The internment of Japanese Americans during World War II sparked constitutional and political debate. During this period, three Japanese-American citizens challenged the constitutionality of the forced relocation and curfew orders through legal actions: Gordon Hirabayashi, Fred Korematsu, and Mitsuye Endo. Hirabayashi and Korematsu received negative judgments; but Mitsuye Endo, after a lengthy battle through lesser courts, was determined to be "loyal" and allowed to leave the Topaz, Utah, facility.
Justice Murphy of the Supreme Court expressed the following opinion in Ex parte Mitsuye Endo:
I join in the opinion of the Court, but I am of the view that detention in Relocation Centers of persons of Japanese ancestry regardless of loyalty is not only unauthorized by Congress or the Executive but is another example of the unconstitutional resort to racism inherent in the entire evacuation program. As stated more fully in my dissenting opinion in Fred Toyosaburo Korematsu v.
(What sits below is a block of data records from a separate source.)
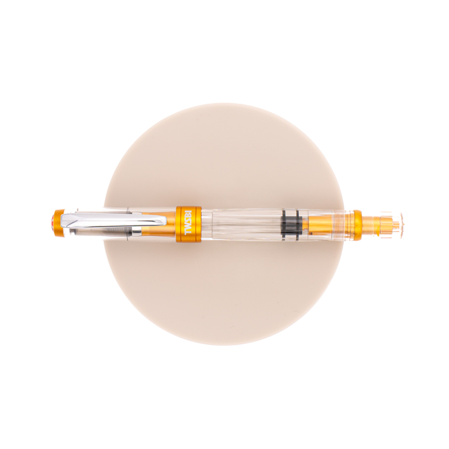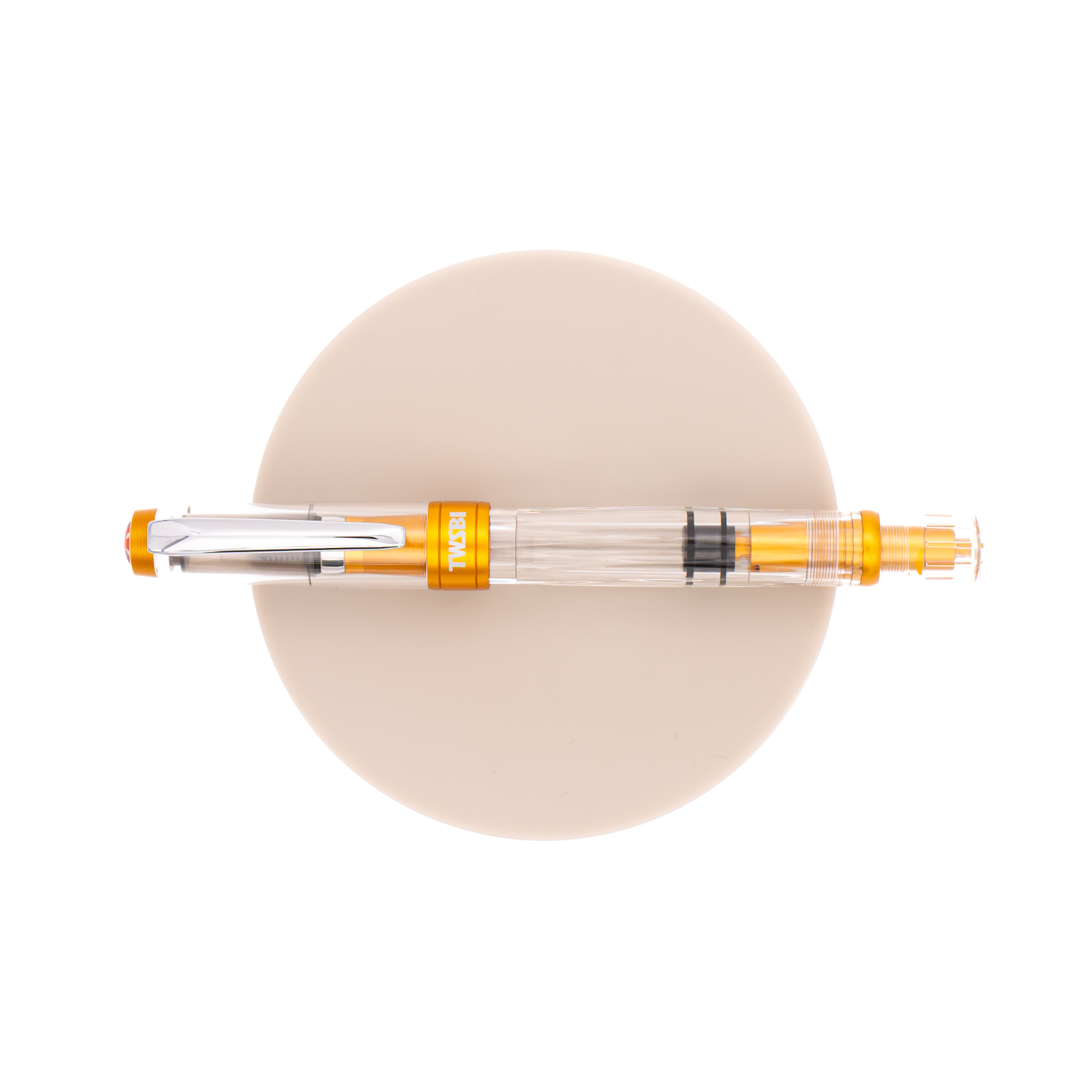 Twsbi Diamond 580 AL R Sunset Yellow is clear demonstrator fountain pen with piston, grip section and details in Sunset Yellow aluminium. AL R series comes with a circular engraved grip section for more comfort during long session writing. The demonstrator body shows how the pen works and the ink color inside.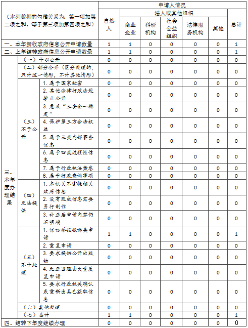 三、收到和处理政府信息公开申请情况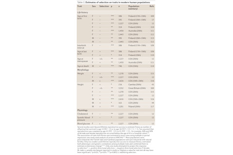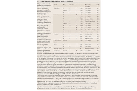 In Shall the Religious Inherit the Earth? Eric Kaufmann notes that it is in the most secular nations that the fertility gap between the religious and irreligious is greatest, and therefore selection for religiosity would be strongest in nations such as Sweden, not Saudi Arabia. But as a practical matter biologically driven shifts in trait value in this case pales in comparison to the effect of strong cultural norms for religiosity. Below are two of the topline tables which show the traits which are currently subject to natural selection. A + sign indicates that there is natural selection for higher values of the trait, and a - sign the inverse. An s indicates stabilizing selection, which tells you that median values have higher fitnesses than the extremes. The number of stars is proportional to statistical significance.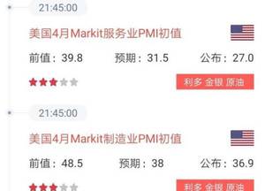 一、美国经济下行速度创历史最快记录。4月23日美国同时公布了两组重磅的数据,第1组数据就是刚才提到的初请失业金人数,第2组数据则是markit PMI指数。众所周知,PMI指数是投资者对未来经济的预期,这个指数被看作是未来经济走向的前瞻性指标,而这一次的PMI数字非常糟糕,如图。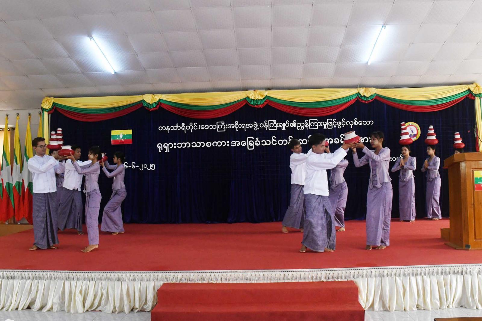 တနင်္သာရီတိုင်းဒေသကြီးအစိုးရအဖွဲ့ဝန်ကြီးချုပ်၏ ညွှန်ကြားမှုဖြင့် ဖွင့်လှစ်သော ရုရှားဘာသာစကားအခြေခံသင်တန်းဆင်းပွဲအခမ်းအနားကို ယနေ့နံနက် ၈ နာရီခွဲက ထားဝယ်မြို့၊ တိုင်းရင်းသားလူမျိုးရေးရာဝန်ကြီးဌာန၊ တနင်္သာရီတိုင်းဒေသကြီး ညွှန်ကြားရေးမှူးရုံး၌ ကျင်းပရာရှေးဦးစွာ သင်တန်းသား/သူများက စည်းလုံးခြင်းအတွက်သီချင်းတစ်ပုဒ် သီချင်းဖြင့် ဖျော်ဖြေတင်ဆက်သည်။
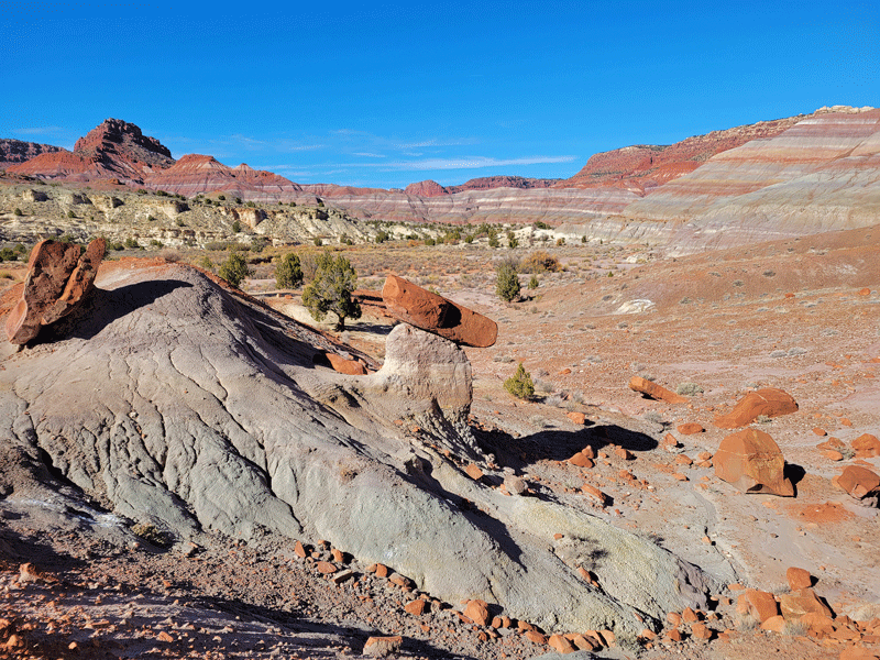 Driving north from Page on highway 89, you pass through the southern boundary of the Grand Staircase-Escalante National Monument. Including the Toadstools hike mentioned earlier, we spent the better part of three days exploring this area.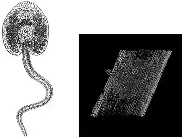 The summary of the life-history of the liver-fluke is given as follows: "The adult fluke in the liver of the sheep produces enormous numbers of eggs, which are distributed with the droppings of the sheep. If these eggs have moisture and a suitable degree of warmth, they continue to live, and in each is formed an embryo. The embryo leaves the egg and swims in search of the particular snail (Limnæus truncatulus) within which its future life and growth take place. The embryo bores into the snail, and then grows into the form which is called a sporocyst. The sporocyst gives rise to the second generation. This generation is known as the redia. The rediæ in turn produce the third generation, which has the form of a tadpole, and is called cercaria. The cercaria? quit the snail and inclose themselves in envelopes or cysts, which are attached to the grass. When the grass to which the cysts adhere is eaten by sheep or other suitable hosts, the young liver-fluke comes out of the cyst and takes up its abode in the liver of its host, and the fatal circle is thus completed."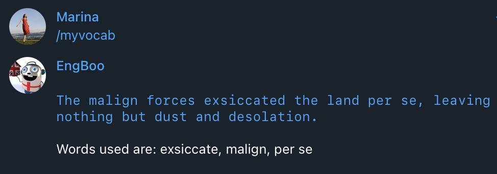 Ну или можно просто зайти и позалипать в создаваемые ботом предложения по вызову /myvocab. Это моя любимая опция: источник новых сложных предложений, которые можно затем копипастить с разными режимами и получать “переводы”. Я с этого кейса просто балдею:)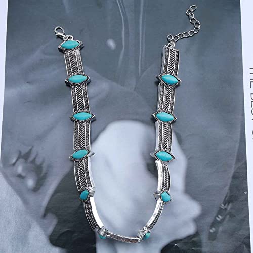 More information about Boho Turquoise Choker Necklace Vintage Turquoise Necklaces Chunky Silver Chain Necklaces Thick Collarbone Necklace Gypsy Necklaces Chain Jewelry for Women Tribal Necklace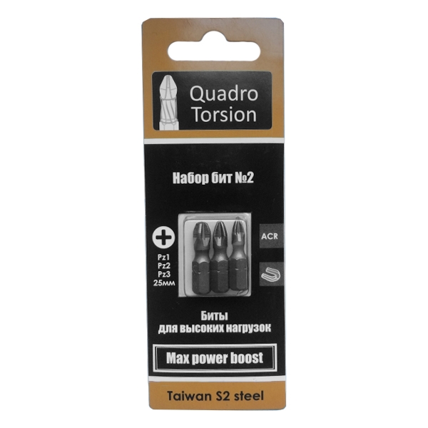 Набор бит №2 Pz1,2,3-25мм Quadro Torsion (3шт/карта) (490002)

United States, 323 U.S. 214 , 65 S.Ct. 193, racial discrimination of this nature bears no reasonable relation to military necessity and is utterly foreign to the ideals and traditions of the American people.
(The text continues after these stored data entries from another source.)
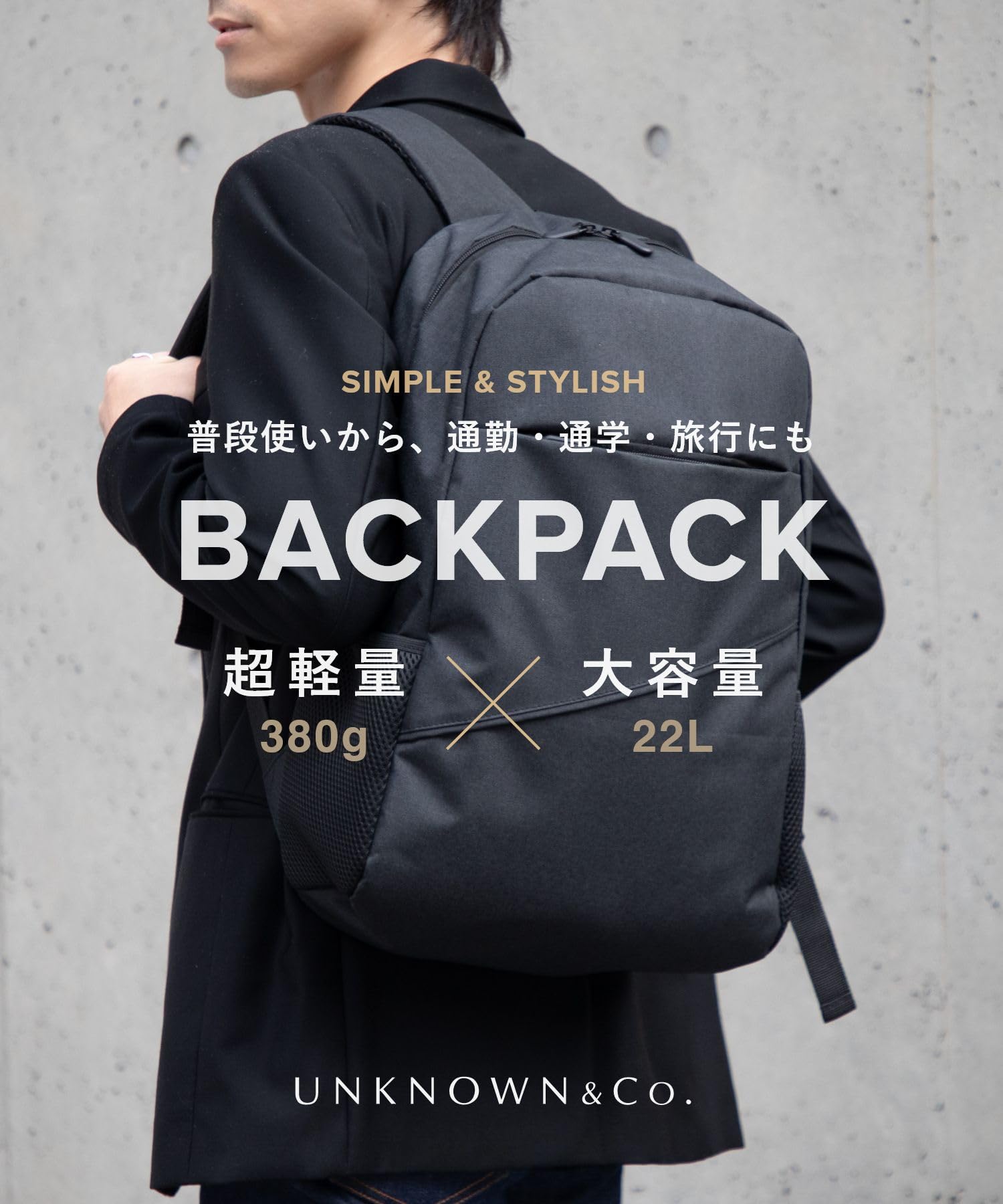 [アンノウンアンドコー] リュック PC収納 ビジネス バックパック 軽量 大容量 通勤 通学 カジュアル ジャパンデザイン メンズ BLACK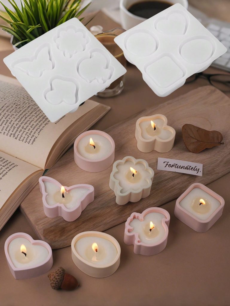 قالب سيلكون بتفاصيل غير منتظمة 4 تجاويف اشكال قلب وفراشة ومربع ودائري لصنع مجسمات الجبس وعلب لشمع المعطر WFHM77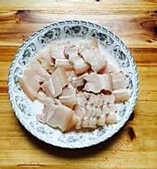 五花肉煮个7分熟,捞起切片,刀功好的能切薄点切薄点。蒜苗切段,切蒜苗时头头要拍下,刀放到切。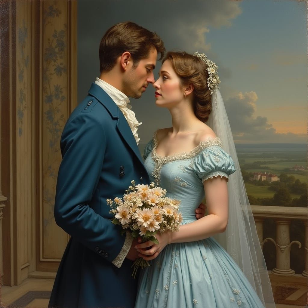 Encostados à balaustrada superior do palácio, sob afrescos dourados e colunas esculpidas, um casal apaixonado contempla o salão abaixo. Ela, vestida em azul celeste, carrega um delicado buquê de lavandas recém-colhidas. Ele, de expressão doce, segura um presente embrulhado em linho marfim com a inscrição ...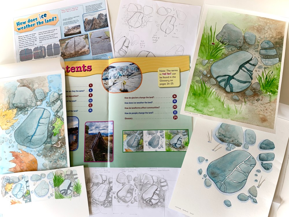 Illustrating the process of how ice can crack and split rocks was fun… it made me notice cracked rocks and cement everywhere I went! I do enjoy sneaking little amusing things in the illustrations for kids, like ladybugs and worms. These rock illustrations were used on two pages in the magazine.

In 1988, Congress passed, and President Reagan signed, Public Law 100-383 – the Civil Liberties Act of 1988 – that acknowledged the injustice of "internment," apologized for it, and provided a $20,000 cash payment to each person who was incarcerated.
One of the most stunning ironies in this episode of denied civil liberties was articulated by an internee who, when told that Japanese Americans were put in those camps for their own protection, countered "If we were put there for our protection, why were the guns at the guard towers pointed inward, instead of outward?"
A note on terminology: The historical primary source documents included on this page reflect the terminology that the government used at the time, such as alien, evacuation, relocation, relocation centers, internment, and Japanese (as opposed to Japanese American).